God. I don't know how many gags can be made out of Rascals. I mean, it has a wonderful opening for mere seconds, when Picard is just gushing and acting like a real person rather than a walking uniform with too much starch. I mean, Keiko walks away from this episode with two stories to tell for the rest of her life - being turned into a little kid AND witnessing Jean-Luc Picard act like a fucking regular human being.
This whole episode can be described in one word: Komedy!
Crap That Occurred Edit
- Picard got his hair back. But lost his pubes.
- O'Brien. Lolicon. This goes to show they were doing "O'Brien Must Suffer" episodes long before DS9.
- Ferengi pirates took over the ship. Where do you start on this? I'm glad Odo pointed this episode out to Worf on DS9 as an example of the ineptitude of Enterprise-D security. Not only do we have to conclude that these Ferengi were the most amazing members of their race in the history of the galaxy but that these guys rank up as some of the most successful groups of foes ever to show up in the goddamned franchise. Not to mention the fact that the Ferengi point out the utter stupidity of bringing kids on a fucking starship! This is the closest the Ferengi would ever come to being the true villains they were meant to be.
- The director told the child actress playing Ro Laren to just "act like a total bitch". I'm sure of it.

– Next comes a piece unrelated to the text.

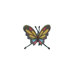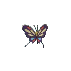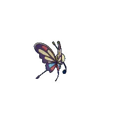 Beautifly has a long and curled black proboscis that it uses to drain bodily fluids from its prey. Additionally, this aggressive Pokémon will jab at foes with its proboscis if it is disturbed while collecting pollen. Beautifly is easily recognized by the colorful pattern on its wings. Its favorite food is nectar. The preferred habitats of a Beautifly are forests.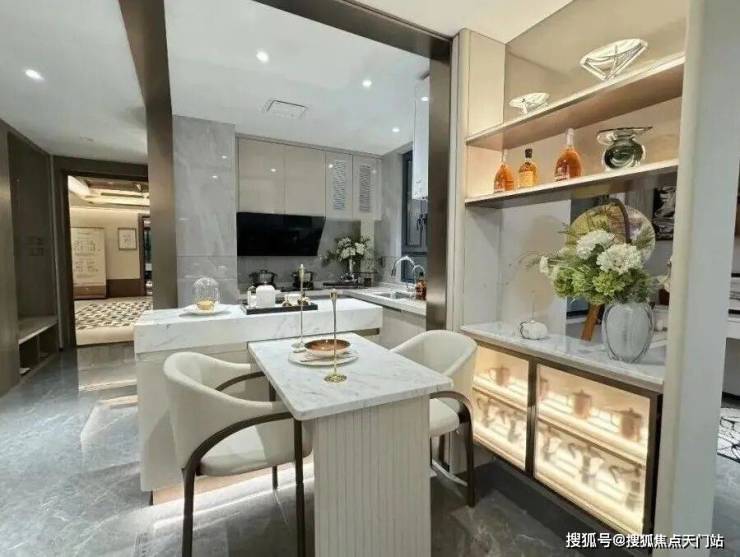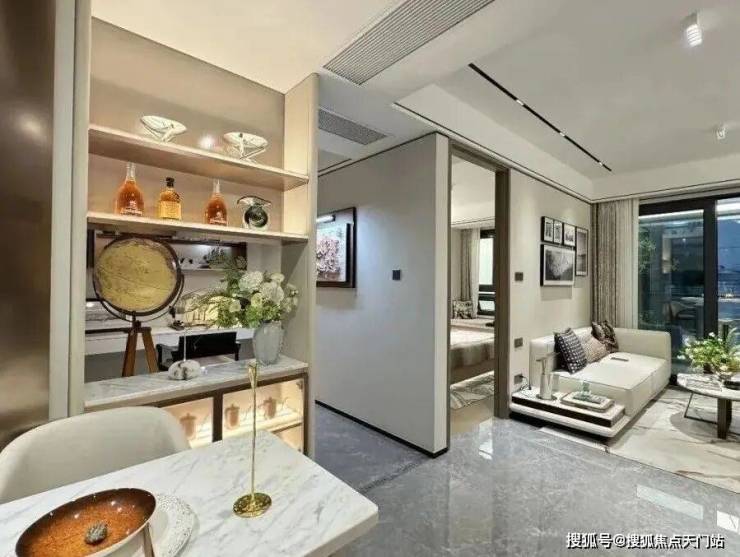 比如,高颜值时尚立面。项目立面主体造型为简洁框架设计,削弱板楼带来的沉重感,营造轻松的居住氛围。以米白色、深灰色作为整体主色调,香槟色点缀,给人以耳目一新的感觉。

- Guinan, despite the delivery of one or two good lines, was totally unneeded here. Now Barclay or Worf as the one of the kids - that shit would have been gold. Even a visiting Romulan or something.
- Since young Picard looks just like his nephew Renee, we must determine that Jean-Luc boinked his brother's wife and Renee is actually his son. Move over Wesley Crusher!
- Dr. Crusher, as the only one who knows the secret of the childhood-transport cause and cure, will live to be over 800,000 years old. I mean, everytime she gets her period Beverly must just think "fuck this" and zap herself back to a preteen...........Holy God! Blueshirts really are immortals! I wonder what starship has Sean Connery as Science Officer.